Several examples for these programs are available with the program's SDK

// Sample code using OptiX APIs //
/
* Ray generation program
*/
rtProgramCreateFromPTXFile(
*context, path_to_ptx, "pinhole_camera", &ray_gen_program );
rtContextSetRayGenerationProgram(
*context, 0, ray_gen_program );
/
* Miss program
*/
rtProgramCreateFromPTXFile(
*context, path_to_ptx, "miss", &miss_program );
rtContextSetMissProgram(
*context, 0, miss_program );
/
* Bounding box and intersection program
*/
rtProgramCreateFromPTXFile( context, path_to_ptx, "box_bounds", &box_bounding_box_program );
rtGeometrySetBoundingBoxProgram(
*box, box_bounding_box_program );
rtProgramCreateFromPTXFile( context, path_to_ptx, "box_intersect", &box_intersection_program );
rtGeometrySetIntersectionProgram(
*box, box_intersection_program );

Bounding box programs are used to define bounding volumes used to accelerate ray tracing process within acceleration structures as kd-trees or bounding volume hierarchies
* Create material any hit and closest hit programs: these two programs determine a ray behavior when encountering its first intersection (closest hit) or a generic intersection (any hit)

// Sample code using OptiX APIs //
rtProgramCreateFromPTXFile( context, path_to_ptx, "closest_hit_radiance", &closest_hit_program );
rtProgramCreateFromPTXFile( context, path_to_ptx, "any_hit_shadow", &any_hit_program );
/
* Associate closest hit and any hit program with a material
*/
rtMaterialCreate( context, material );
rtMaterialSetClosestHitProgram(
*material, 0, closest_hit_program );
rtMaterialSetAnyHitProgram(
*material, 1, any_hit_program );

* Define buffers, variables that might be used inside the supplied programs.
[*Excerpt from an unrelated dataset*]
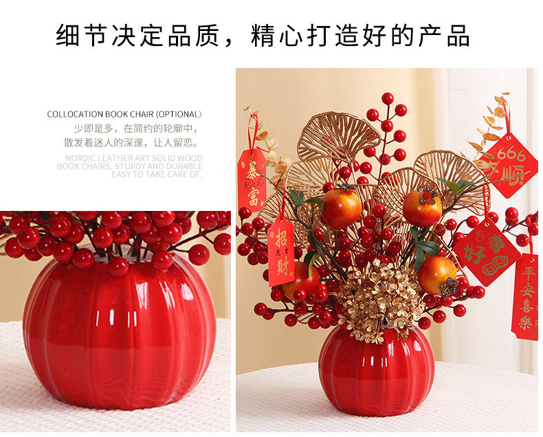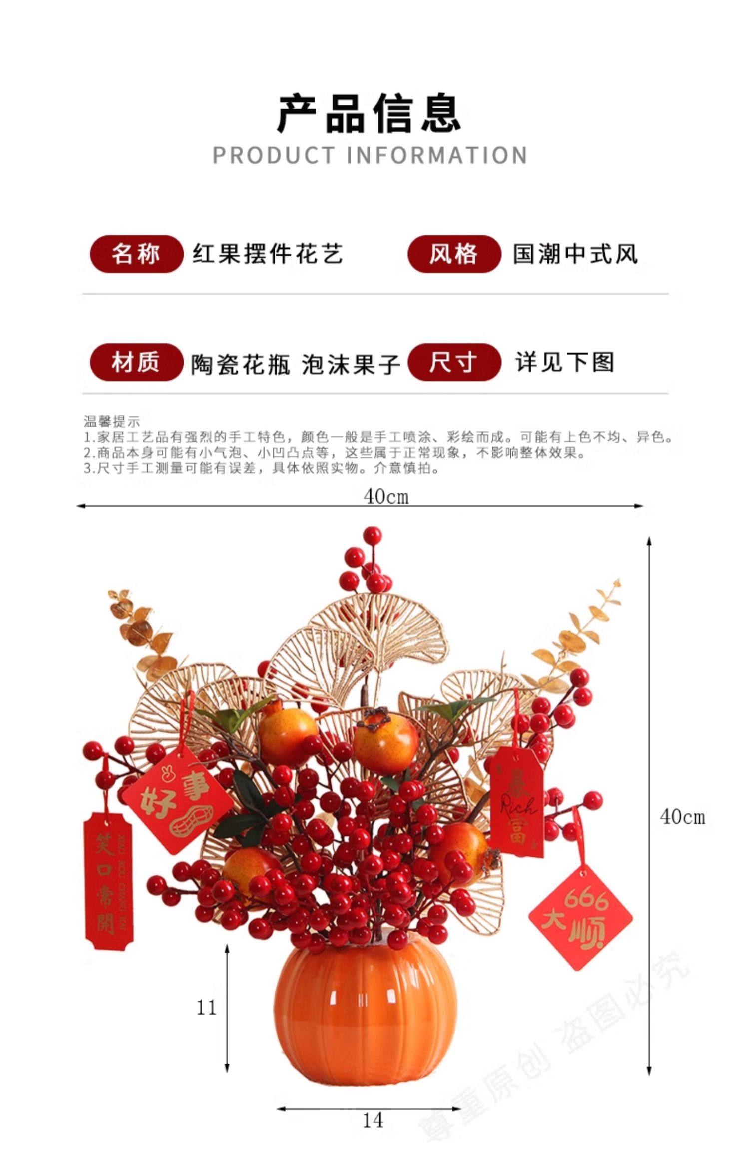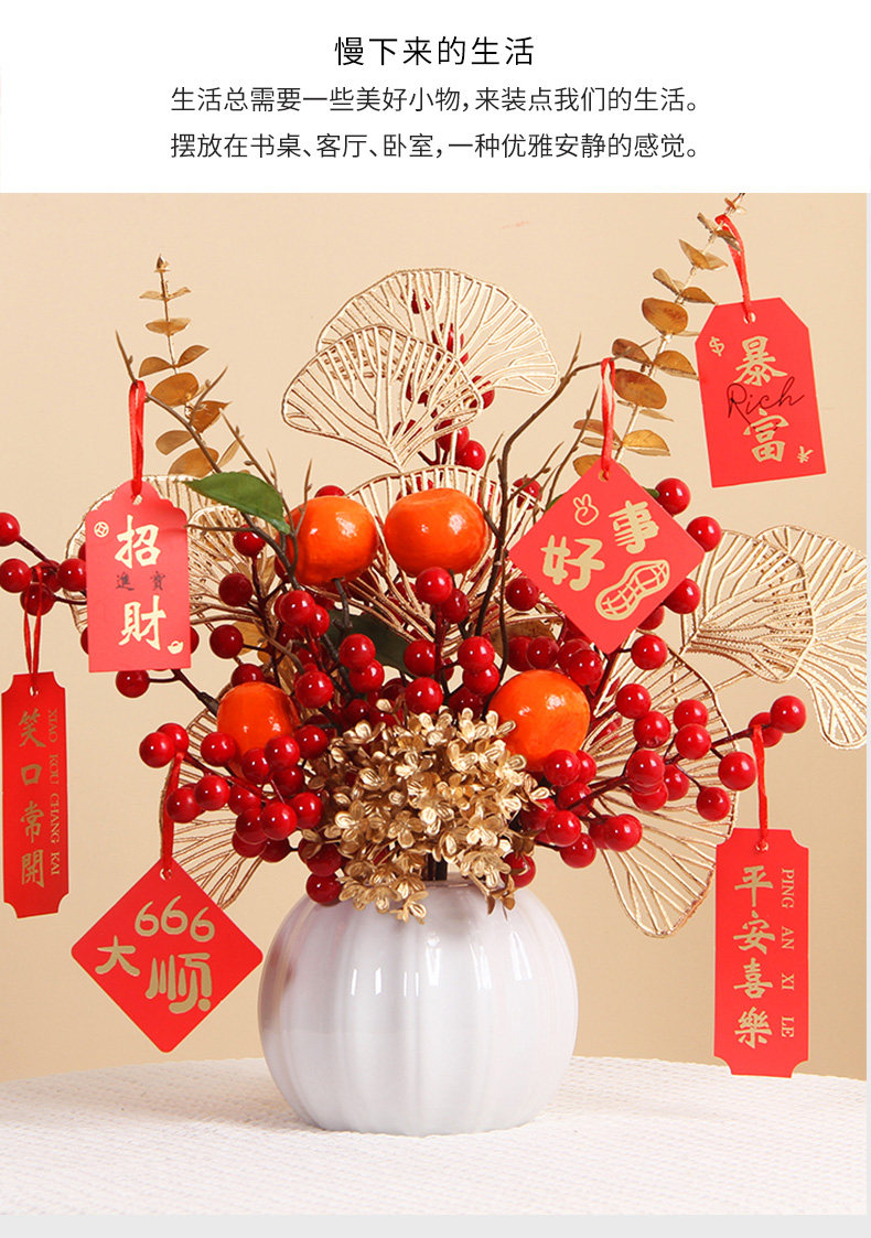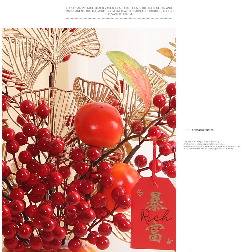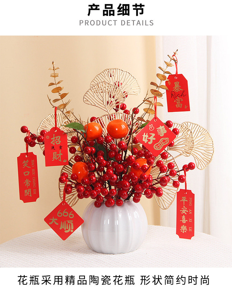 轻奢新中式摆件发发果发财果浆果红果石榴假花仿真花餐厅客厅摆设

Buffers are memory areas that allow host code (i.e. normal cpu code) to communicate with device code (i.e. the code that gets executed on the gpu) and vice versa. Variables are OptiX’s internal way of communicating and using buffers to transfer data back and forth.
* Define the OptiX hierarchy of geometry objects, groups, selectors and other nodes to generate a tree graph of the entire scene to be rendered
In order to render a complex scene or trace different paths for any ray OptiX takes advantage of gpgpu computing by exploiting NVIDIA CUDA platform.
Since the process of shooting rays and setting their behavior is highly customizable, OptiX may be used in a variety of other applications aside from ray tracing.